This is a reference guide for caching in distributed systems. Well-designed caching at scale enables faster response times for API endpoints and improves the end user and customer experience.
What are Cache Layers?
Caches are a way to improve performance and reduce latency by trading space for time. The simplest example to start with is when you have to recalculate a value in a recursive function such as the Fibonacci sequence. Instead of calculating the previous results over again, they are stored in a hash table or dictionary. Caching is sometimes called memoization. For a website where the content does not change frequently, the server can cache the content in memory and serve it again while the client, the web browser, can also cache the content before making a request back to the server.
Layered Mental Model
In the cache layers model, we are adding options when caching. There are three layers: in-memory/in-process cache, sidecar/local node cache, distributed cache.
The in-memory cache is the first layer and for many non-distributed programs it is the only layer. More intensive programs will have two layers: in-memory and sidecar/local cache. These programs are not distributed and will run a persistent cache across multiple runs of the program, it can be sqlite, redis, or a file with a custom format. Distributed applications add a third layer, the distributed cache.
Latency Budgets
When a user is accessing a part of the system, they have an expectation of a fast response. When they click a button, they expect something to happen within milliseconds or seconds, depending on the application and the action. Latency budgets can be set for core actions in the system to ensure that they are meeting expectations.
Let’s understand through an example. A user is filtering and sorting and searching through a table of data. There are 1 million items in the table, only 100 items are displayed on the page. The latency budget for sorting is < 0.5 seconds, since it is the same data, unchanged and only the sort order changes based on a selected column. The latency budget for filtering is slightly higher, < 1 second is the expected time and can scale with the amount of items, based on the user’s perception, and the latency budget for searching could be < 5 seconds. Let’s consider another dimension, newness of the item. If users are frequently searching for new items, the latency budget for those new items could be as low as < 0.5 seconds. For older items, users expect < 10 seconds, a lot more room. The expectation and perception depend on multiple factors including a user’s past usage of similar systems, their usage of the current system, and the user interface of the system.

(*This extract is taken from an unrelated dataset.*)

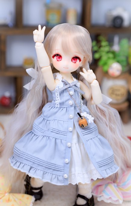 念願叶ってれにゃっこTinyちゃんお迎えしました……😳❓ 信じられなかったけどようやく実感が湧いてきました😳✨✨ いたずら好きそうな元気なおちびちゃん! 早速着てもらったピンタックワンピも似合ってる😭 もう全てがかわいすぎる😭😭😭🙏✨✨✨ #れにゃっ子 #TOAClaris

When setting a latency budget, you can start with an observed baseline and add a percentage for the budget, and subtract a percentage to set as a goal.
Caching With Layers for a Web Service
In a real-world production web service, caching can be used in many ways for a variety of reasons. More complex web applications not only have a backend API server, they also have background workers. For example, there can be very expensive database queries that are used frequently, or there can be logic and calculations that do not change often.
L1 In-Process Cache
An incoming web API request can require multiple expensive database queries in order to return a response. The memory within a web server process can be used as a cache. For example, in Python, there is a @cached decorator function that will create an in-memory mapping between the parameters of the function it wraps and the resulting value. This can be used at different points along the code path. If another API endpoint also uses those functions, then the cache will be used. We can expand on layer one caching by caching more parts of the request, or by caching the whole request/response. When we request /items/123 repeatedly, the request and response can be cached in-memory.

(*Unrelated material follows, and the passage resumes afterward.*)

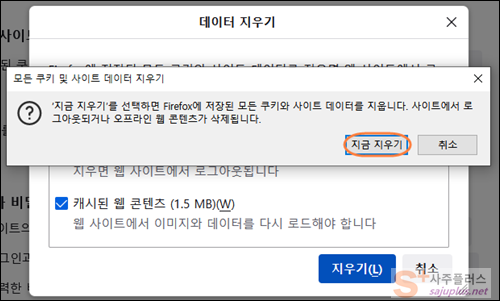 경고창은 무시하시고, [지금지우기]를 클릭하시면 작업은 끝납니다.

The limitation of only layer 1 in-process/in-memory caching is that this caching only works for one process. If the web server runs 4 processes, the typical setup does not use sticky routing, which means a user request may go to any of the 4 processes and suffer from a cache miss. As more requests come in, the likelihood that all 4 process caches have the value is increased. One way to workaround this limitation is to pre-warm the cache, though this is very dependent on user request patterns and may require a lot of memory.

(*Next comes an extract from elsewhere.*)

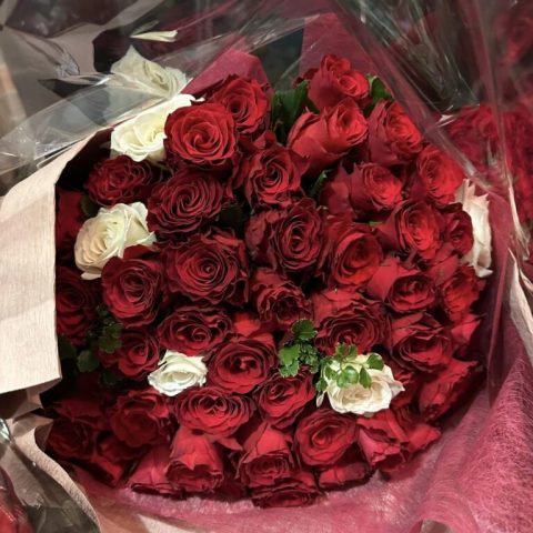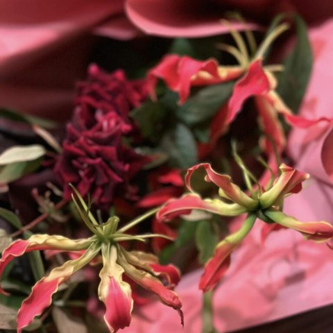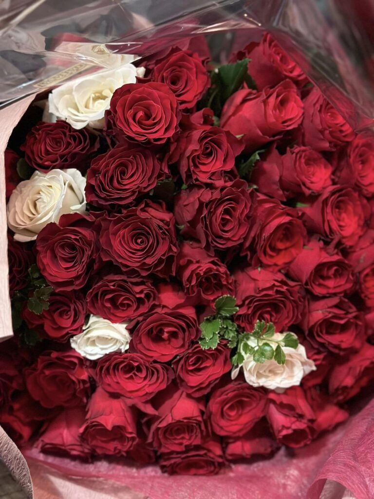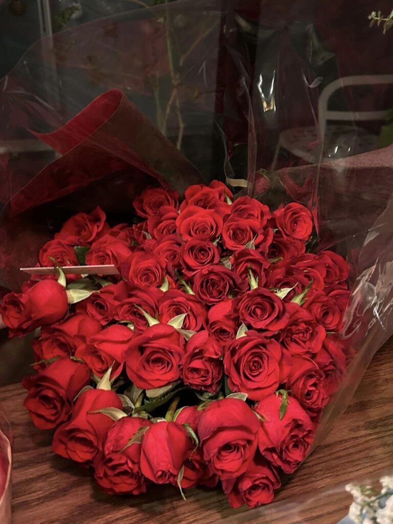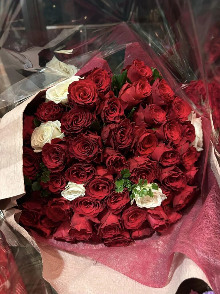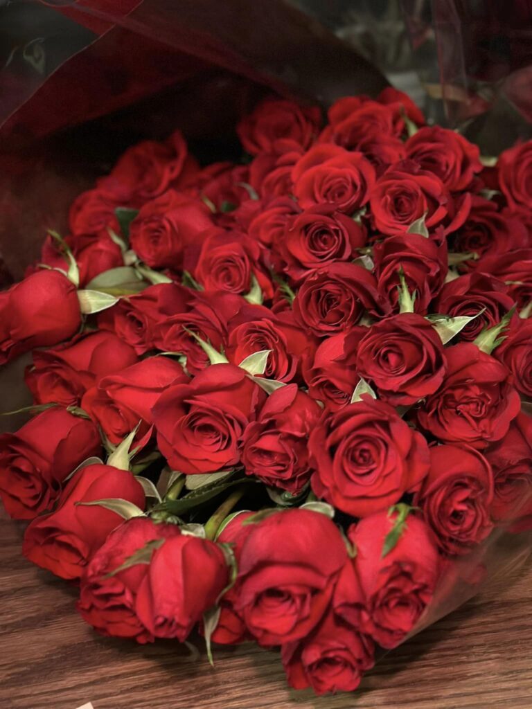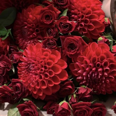 年齢60本のバラとダリアの花束が3つで180本!

The other limitation is that the in-process memory cache is it increases the memory required for each process. If the web server initially requires 1GB, it could grow to double or more in order to have enough in-memory cache capacity. A cache key TTL and expiration time is required when using this type of caching. The in-memory cache competes with the rest of the program for memory.
L2 Sidecar / Local Node Cache
The second layer of caching requires running Redis (or Valkey another cache) as a sidecar or as shared service.
Continuing with the example, the web server runs 4 processes and we run only 1 web server. However we are scaling up to 3 web servers for a total of 12 processes. With a side-car, each of the web servers will have its own cache shared by 4 processes. Another option is to run the cache as a daemon service on each compute node. When vertically scaling, the additional web servers will make use of the cache already existing on the compute node. When horizontal scaling, new nodes will have a fresh cache so initial requests on the new node will be slower.
L3 Redis, Memcached
Using a separate cache server such as Redis or Memcached is the third layer of caching. The advantage is that the cache can persist between deployments of services and compute nodes, it is a de-coupling of the cache from the rest of the services.
In the example, we have multiple nodes running multiple web servers with many processes. By having this third layer, the first request to a web server can cache the request and response, and it can be re-used no matter if we scale to 1000 web server processes or down to 1 server.
The third layer of caching can be applied to storing serialized objects from database queries, storing HTTP responses, and more. Pre-warming the cache on deployments becomes more valuable especially if there are common access patterns from particular customers based on past analytics data.